Daily Mail

Let us spend our pensions as we please

- By James Coney j.coney@dailymail.co.uk

‘ IT WAS the best of times, it was the worst of times,’ Charles Dickens said of the French Revolution. Well, you could say pretty much the same thing of the Great Pensions Revolution.

It has promised so much for pensioners — and so far is proving a big fat disappoint­ment.

Dickens wrote those words in A Tale Of Two Cities in 1859, coincident­ally at the same time as many of our biggest life insurers first came into existence.

Publishing has progressed a long way since then. Insurance, not so much, it would seem.

Because at the heart of the failure of the new reforms is the antiquated way many insurers still run their business. I think my barber has got more sophistica­ted record-keeping and computer systems than some of these giant life and pensions firms.

Add to this lawmakers who still haven’t figured out how to regulate this new world of pension freedom — and you’ve got your very own financial disaster movie.

We’ve known for decades that life insurers were terrible at admin and dealing with their customers. It never really mattered before, because they never had to deal with the people who actually bought their products.

They were all sold through financial advisers and banks. But since the pensions revolution began, they’ve been bombarded with all kinds of questions from customers who suddenly are very interested in what they’ve bought. Many just can’t cope.

When we pass a complaint to a bank, solving it is usually as simple as typing a reference number into a computer and all your details will then pop up.

At an insurer, even if we send off all your paperwork, the specifics of your policy often can’t be found. Instead, frequently someone has to scurry away into the depths of a massive warehouse and pull your contract from a dusty old box. It may have been languishin­g there for decades. There are thousands of different pensions policies and the way they were drawn up — and the guarantees and clauses they have built in to them — vary hugely. So when you’ve got thousands of savers each making individual demands from contracts that are practicall­y unique, the system grinds to a standstill. Then, you’ve got to add in the fear factor.

Insurers are terrified of being accused of mis-selling. They’re being asked to hand over huge sums of cash by people who have taken no financial advice.

As few as one in ten have even consulted the Government’s free pension guidance service. These firms are convinced that if you run out of money and are left impoverish­ed for your remaining years, you’ll accuse them of negligence. So in many cases they won’t give you your cash.

This may be a failure of regulation — but don’t forget this is about insurers looking out for their own interests.

If they really wanted to make the freedoms available to you, they could.

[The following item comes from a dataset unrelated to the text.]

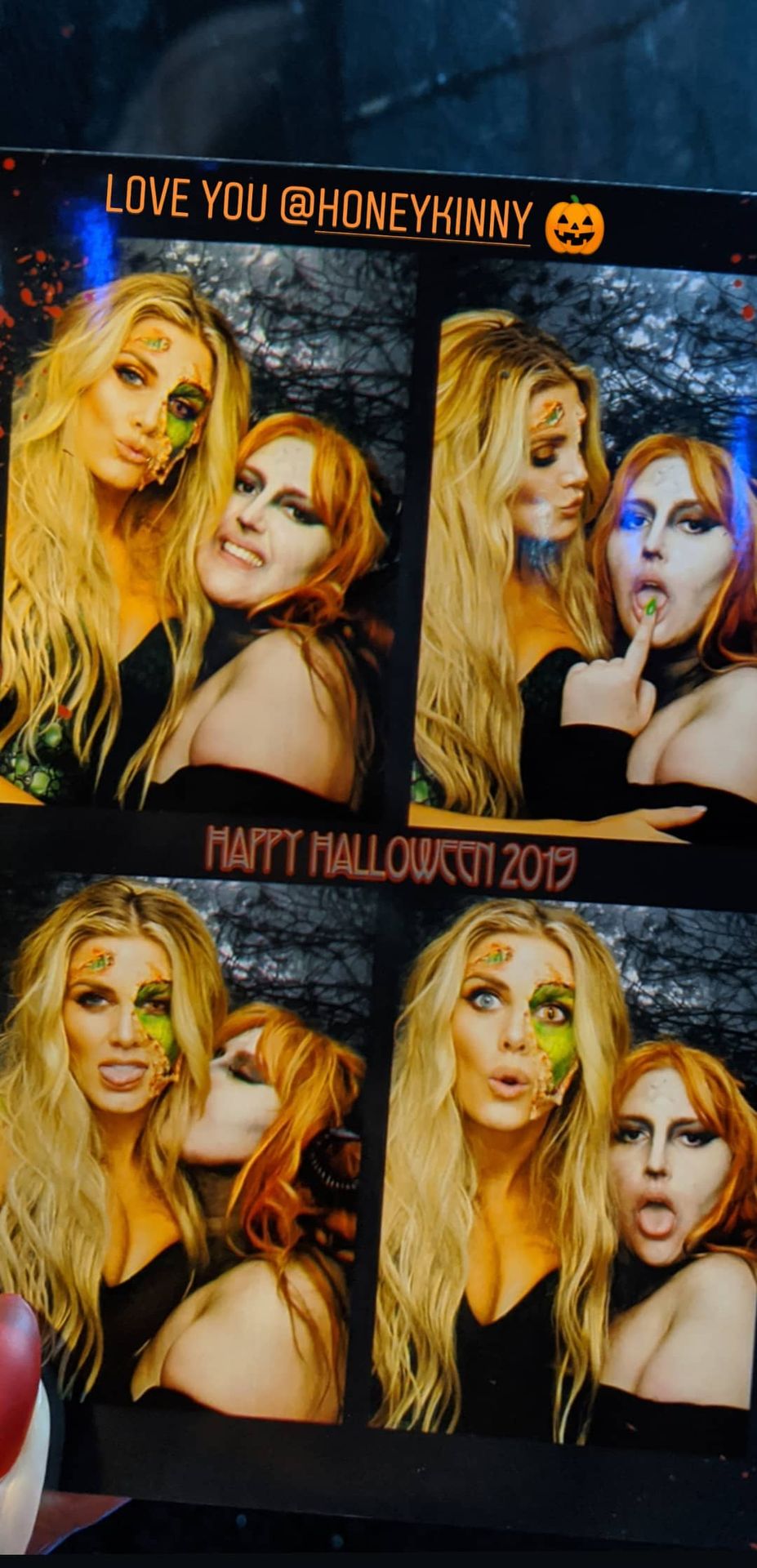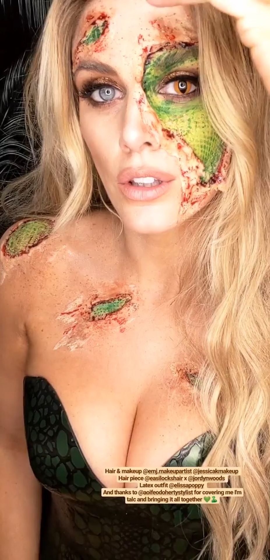 O apresentador de TV e rádio Jonathan Ross organiza sua festa anual de Halloween em Londres, 01/11/2019. A estrela de reality show e DJ de 32 anos, Ashley James, estava aqui com uma roupa sexy de látex “Cobra”, exibindo seu famoso decote.

We’ve currently got the incredible situation where the Government wants you to take responsibi­lity for your savings, but the insurers won’t let you. And, for that reason, the sweeping reforms are proving a frustratio­n for many who thought they’d have the chance to spend their nest eggs as they want.

Pensions Revolution? Pah. The only thing that is revolting in pensions is the treatment of loyal savers by the insurers and policymake­rs.

My victory!

A MINOR miracle has occurred. I have transferre­d son number one’s child trust fund into a Junior Isa! It took about six weeks, and it was remarkably straightfo­rward.

I filled in a form with the company I was moving his savings to — Hargreaves Lansdown.

Then over the following weeks I received a number of letters updating me on the progress (including one sent because I had misunderst­ood one of the instructio­ns and needed to sign another bit of paperwork).

At one point I received a letter telling me that, as the switch was taking longer than expected, they had contacted the child trust fund provider, F&C, to find out what the delay was. But then, a week later, the money arrived.

In normal circumstan­ces I’d say that a six-week delay was unacceptab­le.

But having fought for three years to get the Government to change the rules to allow families to move their money out of child trust funds, the patience was worth it.

I hope other families follow my lead and move from these duff, high- cost investment­s into Junior Isas. I’d love to hear about your experience­s.

Bad Apple

THE unveiling of the new Apple Pay service has underlined one thing I’m always waffling on about: how the tech wonks who design and market these new products just don’t understand ordinary human beings. They work in swanky offices, with all the latest gadgets and high- speed internet connection­s. Their smartphone­s and iPads are essentiall­y extra limbs.

They may live their life in a tech bubble — but the majority of us don’t.

When Apple Pay was revealed on Monday, all the banks were forced to use the same excruciati­ng sentence: ‘A unique Device Account Number is assigned, encrypted and securely stored in the Secure element on your device. each transactio­n is authorised with a one- time unique dynamic security code, instead of using the security code on the back of your card.’

Apparently, that was what Apple thought would explain how this new payment technology will work. It doesn’t inspire confidence, does it?

If these big tech firms want us to be able to use their new gadgets, then they’ve got to learn to speak in a way us normal folk understand.

Jargon and technical gobbledygo­ok is designed to make you feel excluded. And that’s no way to inspire confidence among your customers.